David King and Lance Lee describe this whole-moulding as “an elaborate designing system based on the arcs of circles.” In Half-Modelling (1976) King and Lee say that, “for small hulls, [American] colonial boat builders used a technique called ‘whole moulding’. This employed three battens, two curved and one straight, called the ‘body mould’, the ‘hollow mould’ and the ‘rising square’. These were shifted around to specify the shape of the hull at each section. This was usually done right on the site: the frames were made from the moulds and placed directly on the keel.”[2]

Erin McKee also describes this method in Working Boats of Britain: Their Shape and Purpose (1983):“In its simple form a whole moulded boat needs only three aids. The first is the rising square, which is no more than a batton with the heights of the floors marked in for every station. These marks are called ‘rising sirmarks’ as they are taken from the rising line. The second aid is the breadth mould and this has the convex shape of the midship section, except that it is usual to extend the lengths of the floor and topside beyond the centre and sheer lines to provide space for further sets of sirmarks. There are three of these: the marks on the first set when aligned with the corresponding rising sirmarks give from one or other of the remaining sets, the height and half breadth of the sheerline, and the position of the head of the floor timber, for every frame. The third aid, the hallow mould, the sirmarks of which are set on the rabbet line, is then laid tangential to the breadth mould for the reverse curve.”[3]

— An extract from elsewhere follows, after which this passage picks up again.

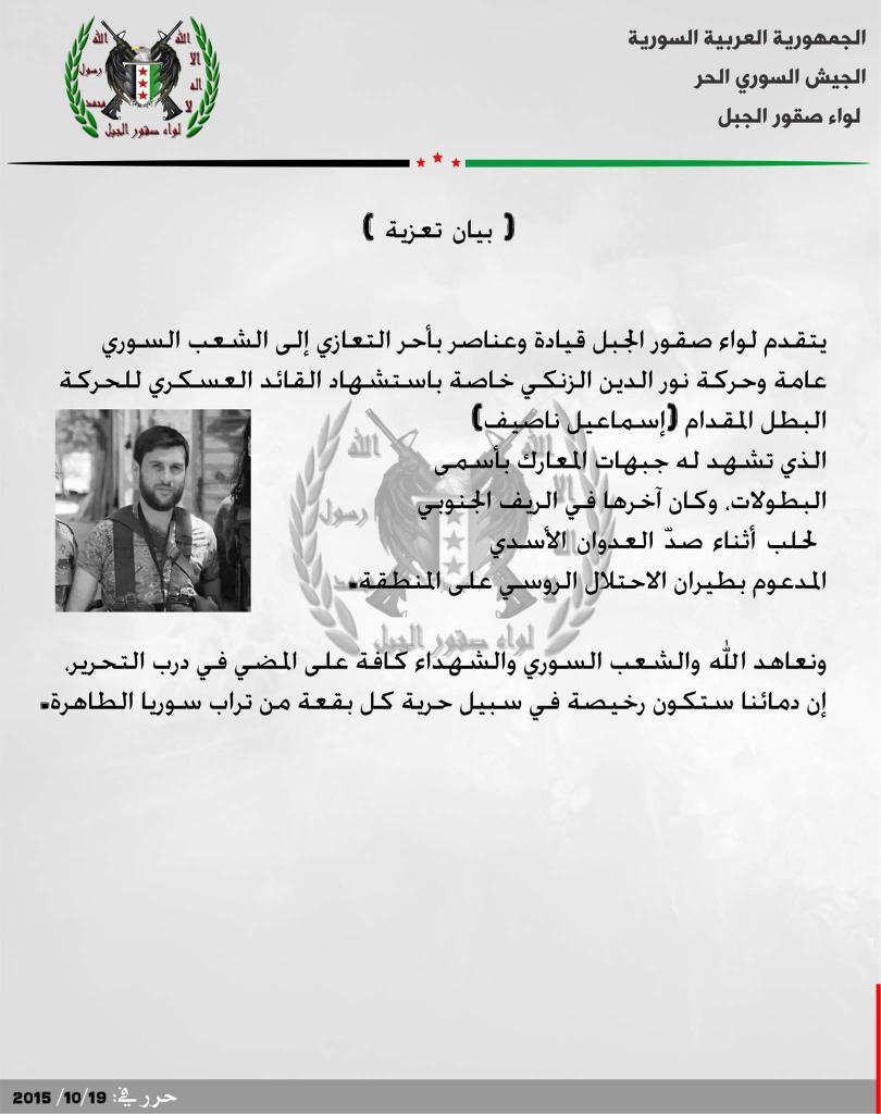 لواء صقور الجبل يعزي حركة نورالدين الزنكي بقائدها العسكري إسماعيل ناصيف في معارك ريف حلب الجنوبي

King and Lee explain that the design process is based on four longitudinal lines known as, “narrowing” and “rising” lines. They say that these lines, “determined the points of maximum breadth and the contour of the bottom, and thus whether the boat would be wide or narrow, fast or slow, heavy or light.”[4] According to McKee, “a set of three whole moulding aids can be used to produce a wide range of boats, either by changing the sirmarks or even re-adjusting them by eye.”[5] 

 

[1]  David King and Lance Lee, Half-Modelling (Bath, Maine: Bath Marine Museum, 1976), p 4-5 in David A. Taylor, Boat Building in Winterton, Trinity Bay, Newfoundland (Gatineau: Canadian Museum of Civiliation Corporation, 2006 [1982]), 52-53.

[2] Ibid.

[3] Erin McKee, Working Boats of Britain: Their Shape and Purpose (London: Conway Maritime Press, 1983).

[4] David King and Lance Lee, Half-Modelling (Bath, Maine: Bath Marine Museum, 1976), p 4-5 in David A. Taylor, Boat Building in Winterton, Trinity Bay, Newfoundland (Gatineau: Canadian Museum of Civiliation Corporation, 2006 [1982]), 52-53.

[5] Erin McKee, Working Boats of Britain: Their Shape and Purpose (London: Conway Maritime Press, 1983).